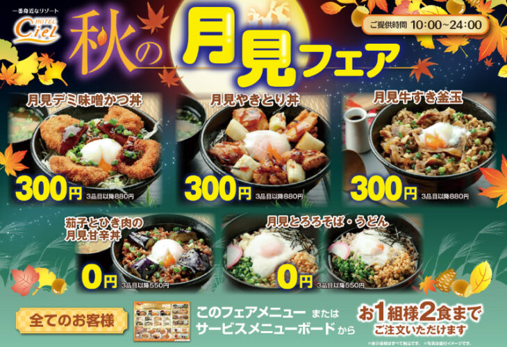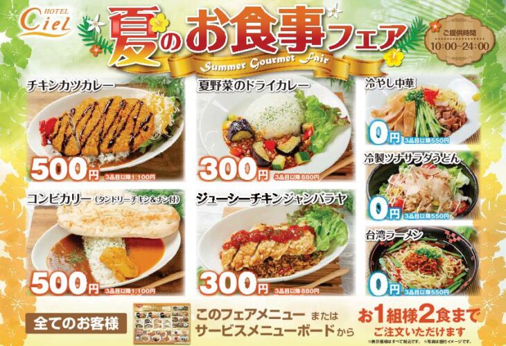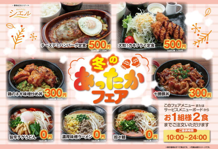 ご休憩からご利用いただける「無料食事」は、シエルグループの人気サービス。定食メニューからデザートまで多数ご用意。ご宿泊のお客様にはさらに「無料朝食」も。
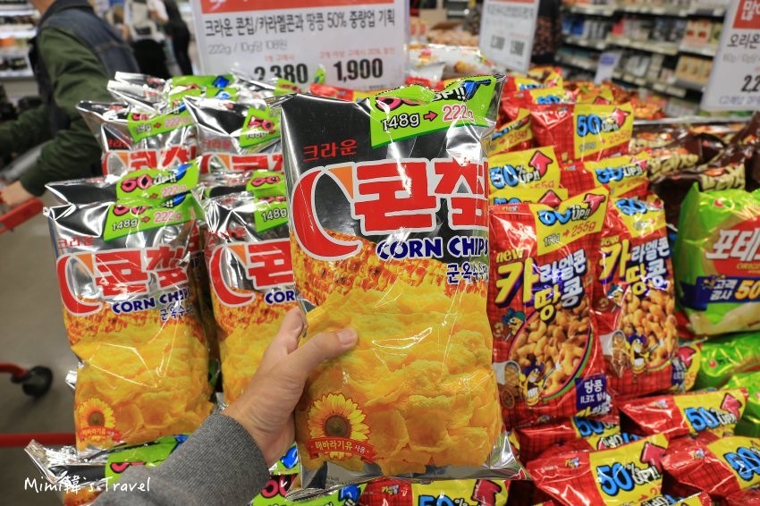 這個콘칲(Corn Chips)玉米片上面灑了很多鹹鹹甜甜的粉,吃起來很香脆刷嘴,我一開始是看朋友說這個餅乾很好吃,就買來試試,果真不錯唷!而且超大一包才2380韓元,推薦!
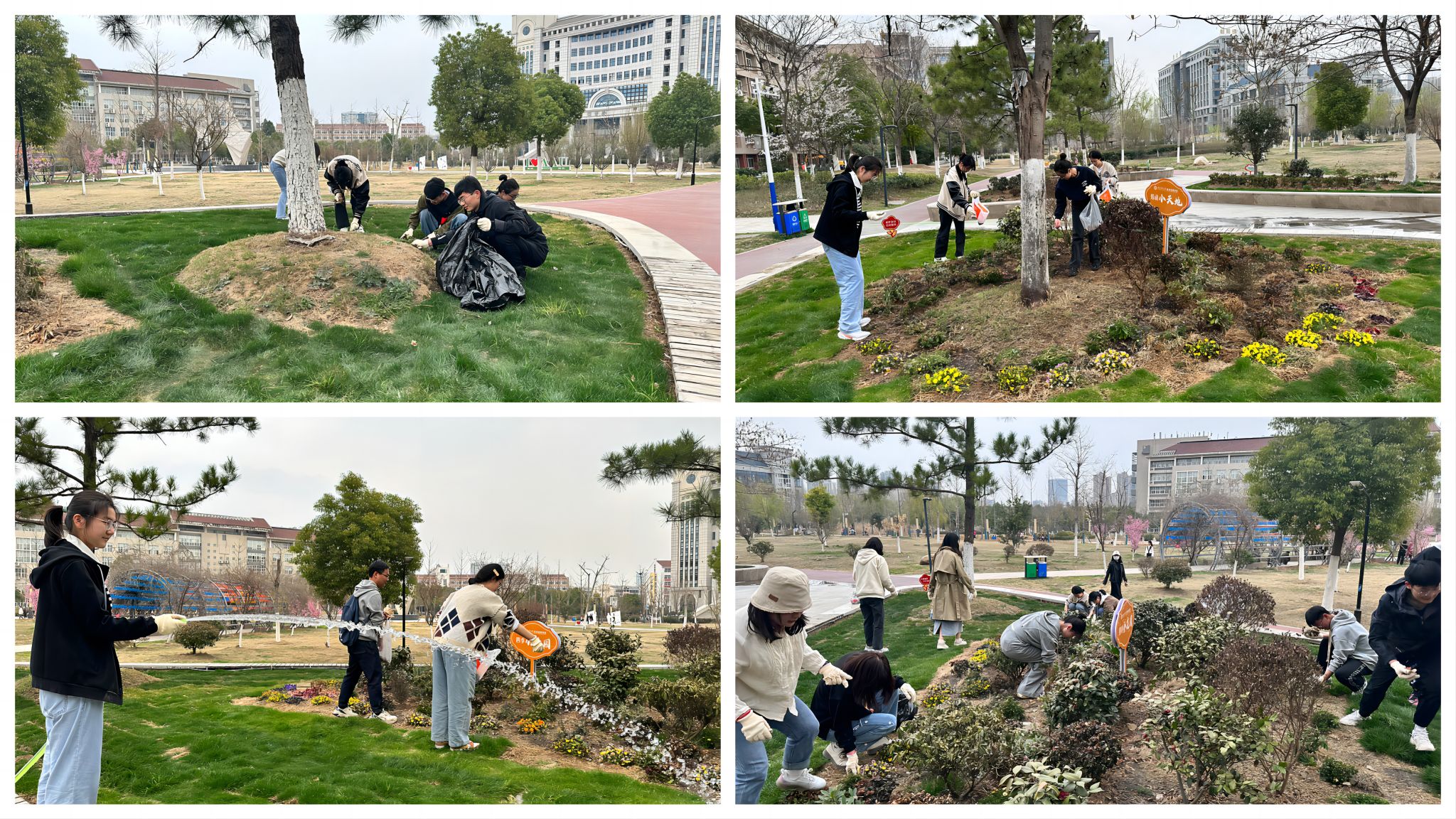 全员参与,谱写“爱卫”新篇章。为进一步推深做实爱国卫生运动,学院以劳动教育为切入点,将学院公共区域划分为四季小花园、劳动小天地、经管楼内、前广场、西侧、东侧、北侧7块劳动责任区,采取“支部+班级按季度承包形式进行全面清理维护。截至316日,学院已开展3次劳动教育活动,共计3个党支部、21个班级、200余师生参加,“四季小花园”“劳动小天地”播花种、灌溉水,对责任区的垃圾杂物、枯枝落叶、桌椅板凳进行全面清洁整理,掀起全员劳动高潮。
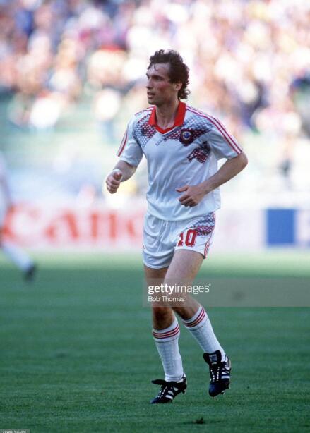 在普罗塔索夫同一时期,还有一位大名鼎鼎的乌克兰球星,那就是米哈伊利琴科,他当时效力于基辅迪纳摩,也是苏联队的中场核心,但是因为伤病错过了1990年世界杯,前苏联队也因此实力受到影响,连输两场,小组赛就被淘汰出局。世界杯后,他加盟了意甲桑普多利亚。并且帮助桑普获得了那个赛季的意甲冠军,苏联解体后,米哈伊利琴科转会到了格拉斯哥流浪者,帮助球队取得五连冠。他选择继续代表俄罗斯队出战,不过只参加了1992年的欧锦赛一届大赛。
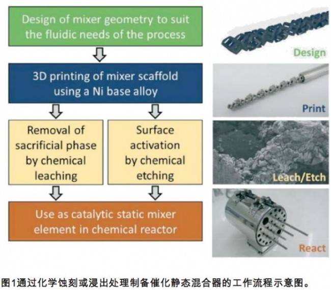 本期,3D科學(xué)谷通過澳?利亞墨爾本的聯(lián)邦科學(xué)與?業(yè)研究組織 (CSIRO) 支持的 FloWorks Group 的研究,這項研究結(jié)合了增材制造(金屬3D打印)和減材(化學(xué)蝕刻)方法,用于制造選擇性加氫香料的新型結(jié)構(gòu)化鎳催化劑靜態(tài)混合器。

###

§ **ABOUT THIS TASK**: Transcribe the listing verbatim, pictures excluded.

§ **WRITTEN SOLUTION**:
 ご休憩からご利用いただける「無料食事」は、シエルグループの人気サービス。定食メニューからデザートまで多数ご用意。ご宿泊のお客様にはさらに「無料朝食」も。
 這個콘칲(Corn Chips)玉米片上面灑了很多鹹鹹甜甜的粉,吃起來很香脆刷嘴,我一開始是看朋友說這個餅乾很好吃,就買來試試,果真不錯唷!而且超大一包才2380韓元,推薦!
 全员参与,谱写“爱卫”新篇章。为进一步推深做实爱国卫生运动,学院以劳动教育为切入点,将学院公共区域划分为四季小花园、劳动小天地、经管楼内、前广场、西侧、东侧、北侧7块劳动责任区,采取“支部+班级按季度承包形式进行全面清理维护。截至316日,学院已开展3次劳动教育活动,共计3个党支部、21个班级、200余师生参加,“四季小花园”“劳动小天地”播花种、灌溉水,对责任区的垃圾杂物、枯枝落叶、桌椅板凳进行全面清洁整理,掀起全员劳动高潮。
 在普罗塔索夫同一时期,还有一位大名鼎鼎的乌克兰球星,那就是米哈伊利琴科,他当时效力于基辅迪纳摩,也是苏联队的中场核心,但是因为伤病错过了1990年世界杯,前苏联队也因此实力受到影响,连输两场,小组赛就被淘汰出局。世界杯后,他加盟了意甲桑普多利亚。并且帮助桑普获得了那个赛季的意甲冠军,苏联解体后,米哈伊利琴科转会到了格拉斯哥流浪者,帮助球队取得五连冠。他选择继续代表俄罗斯队出战,不过只参加了1992年的欧锦赛一届大赛。
 本期,3D科學(xué)谷通過澳?利亞墨爾本的聯(lián)邦科學(xué)與?業(yè)研究組織 (CSIRO) 支持的 FloWorks Group 的研究,這項研究結(jié)合了增材制造(金屬3D打印)和減材(化學(xué)蝕刻)方法,用于制造選擇性加氫香料的新型結(jié)構(gòu)化鎳催化劑靜態(tài)混合器。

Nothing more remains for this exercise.